* [WHAT THE TASK ASKS] Where a picture appears, skip it and copy everything else in the listing exactly.

------------------------------------------------------------------------

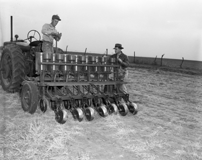 Image shows a grass seed drill owned by Wichita Wilbarger Soil Conservation District on the Bill Burnett Ranch. It is reseeding old fields. Bill Watts, left, operates the drill. James Park, SCS work unit conservationist, right, is checking with Park. Published in the Fort Worth Star-Telegram April 1951.
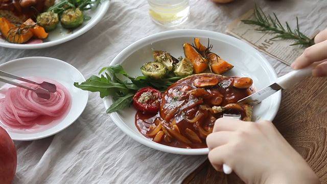 step 6. 접시에 두부스테이크를 담고 소스를 올린 후 기호에 따라 곁들임 채소를 더해 즐겨주세요.
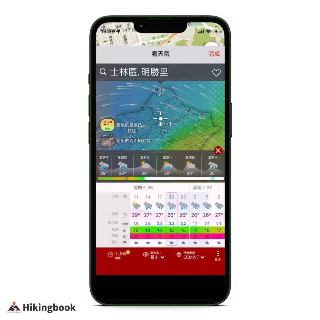 使用 Hikingbook,不必再搜尋氣象局網頁,或是下載天氣軟體,只要按下「看天氣」按鈕,就能在 APP 內確認登山區域的天氣狀況。
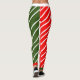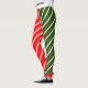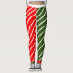 Vermelho e verde divertidos com leggings de cana doce de tira branca. Divirta-se comemorando as festas de Natal com estas pernas festivas de Natal com uma perna vermelha e uma perna verde. A listra branca da cana adiciona a diversão!
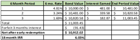 Hypothetically, had you invested in August 2022 and redeemed your I Bond today, you would walk away with an annualized investment return of 6.03%, not too shabby for a low-risk investment. Those investable dollars could now be repositioned in a new I Bond carrying a higher base rate, or in another investment vehicle of your choice.
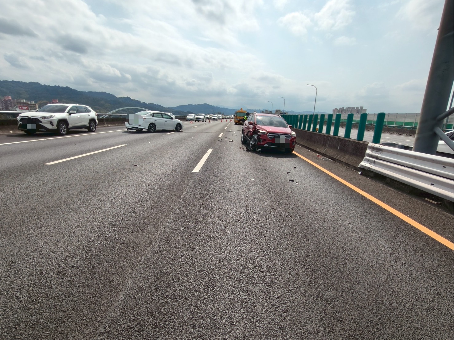 國道警察第七大隊呼籲用路人:春節期間車流量大,開車應保持安全距離、注意車前狀況,切勿分心或疲勞駕駛,如有身體不適或精神不濟之狀況,請進入服務區或離開高速公路休息或儘速就醫,以維自身及他人行車安全。
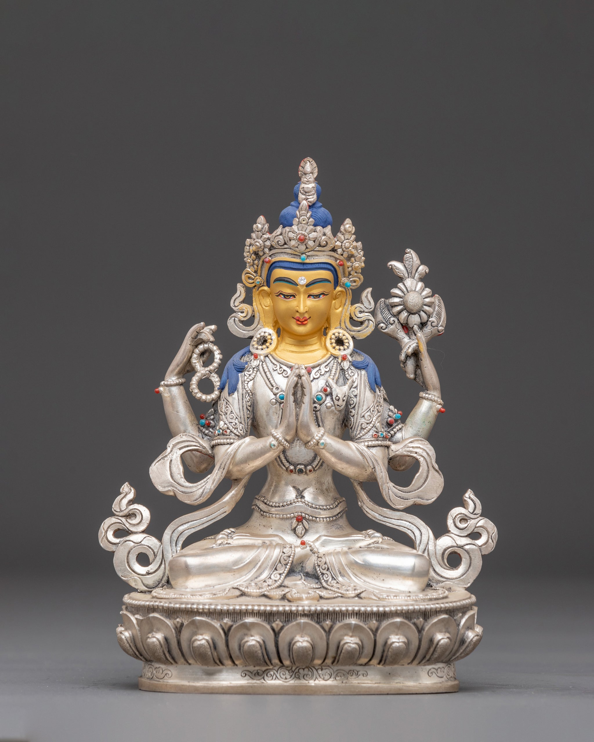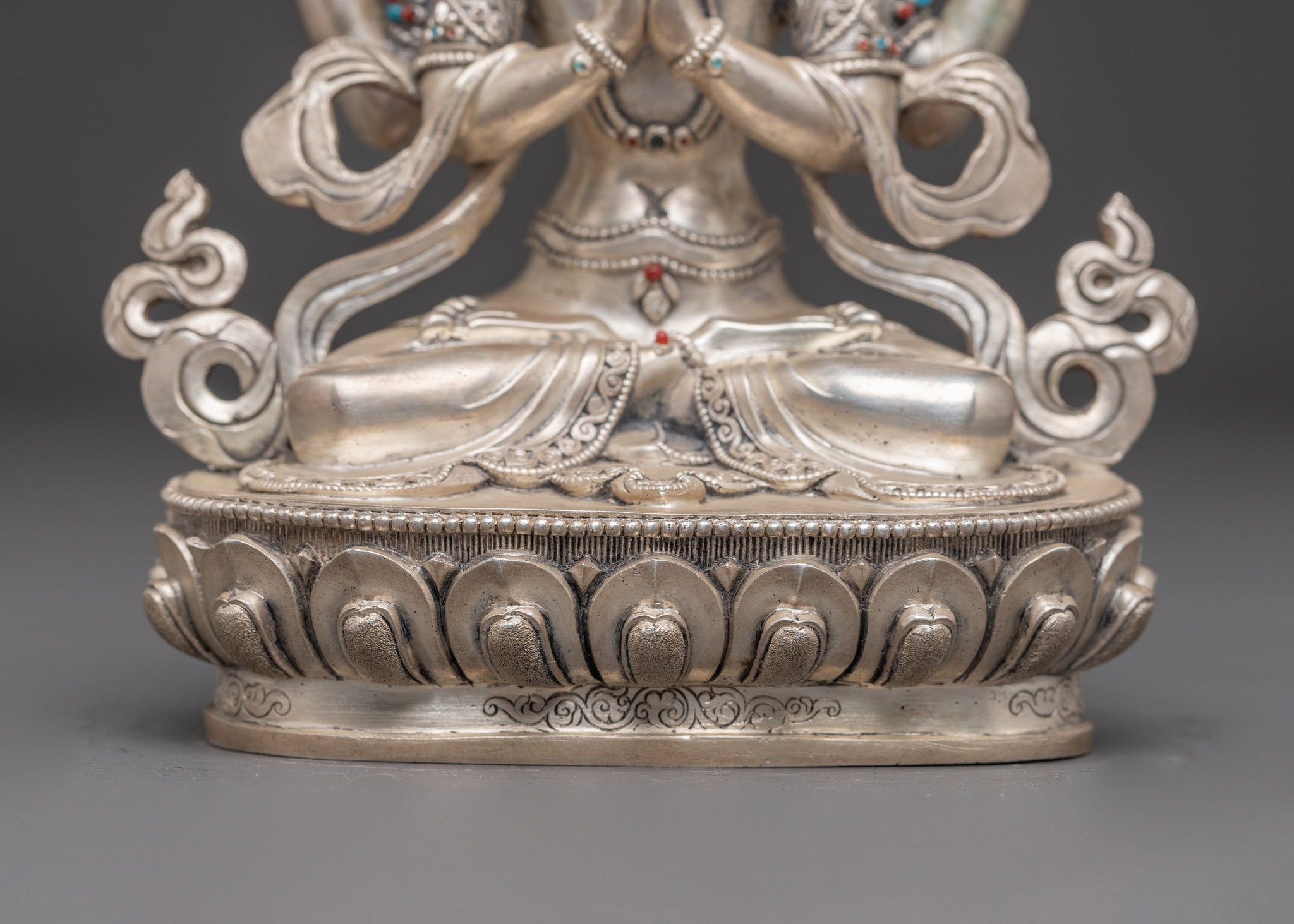 6.3 Inch Four-Armed Chenrezig Silver Statue | Spiritual Decor Icon

------------------------------------------------------------------------

* [OUTPUT OF THE EXERCISE]
 Image shows a grass seed drill owned by Wichita Wilbarger Soil Conservation District on the Bill Burnett Ranch. It is reseeding old fields. Bill Watts, left, operates the drill. James Park, SCS work unit conservationist, right, is checking with Park. Published in the Fort Worth Star-Telegram April 1951.
 step 6. 접시에 두부스테이크를 담고 소스를 올린 후 기호에 따라 곁들임 채소를 더해 즐겨주세요.
 使用 Hikingbook,不必再搜尋氣象局網頁,或是下載天氣軟體,只要按下「看天氣」按鈕,就能在 APP 內確認登山區域的天氣狀況。
 Vermelho e verde divertidos com leggings de cana doce de tira branca. Divirta-se comemorando as festas de Natal com estas pernas festivas de Natal com uma perna vermelha e uma perna verde. A listra branca da cana adiciona a diversão!
 Hypothetically, had you invested in August 2022 and redeemed your I Bond today, you would walk away with an annualized investment return of 6.03%, not too shabby for a low-risk investment. Those investable dollars could now be repositioned in a new I Bond carrying a higher base rate, or in another investment vehicle of your choice.
 國道警察第七大隊呼籲用路人:春節期間車流量大,開車應保持安全距離、注意車前狀況,切勿分心或疲勞駕駛,如有身體不適或精神不濟之狀況,請進入服務區或離開高速公路休息或儘速就醫,以維自身及他人行車安全。
 6.3 Inch Four-Armed Chenrezig Silver Statue | Spiritual Decor Icon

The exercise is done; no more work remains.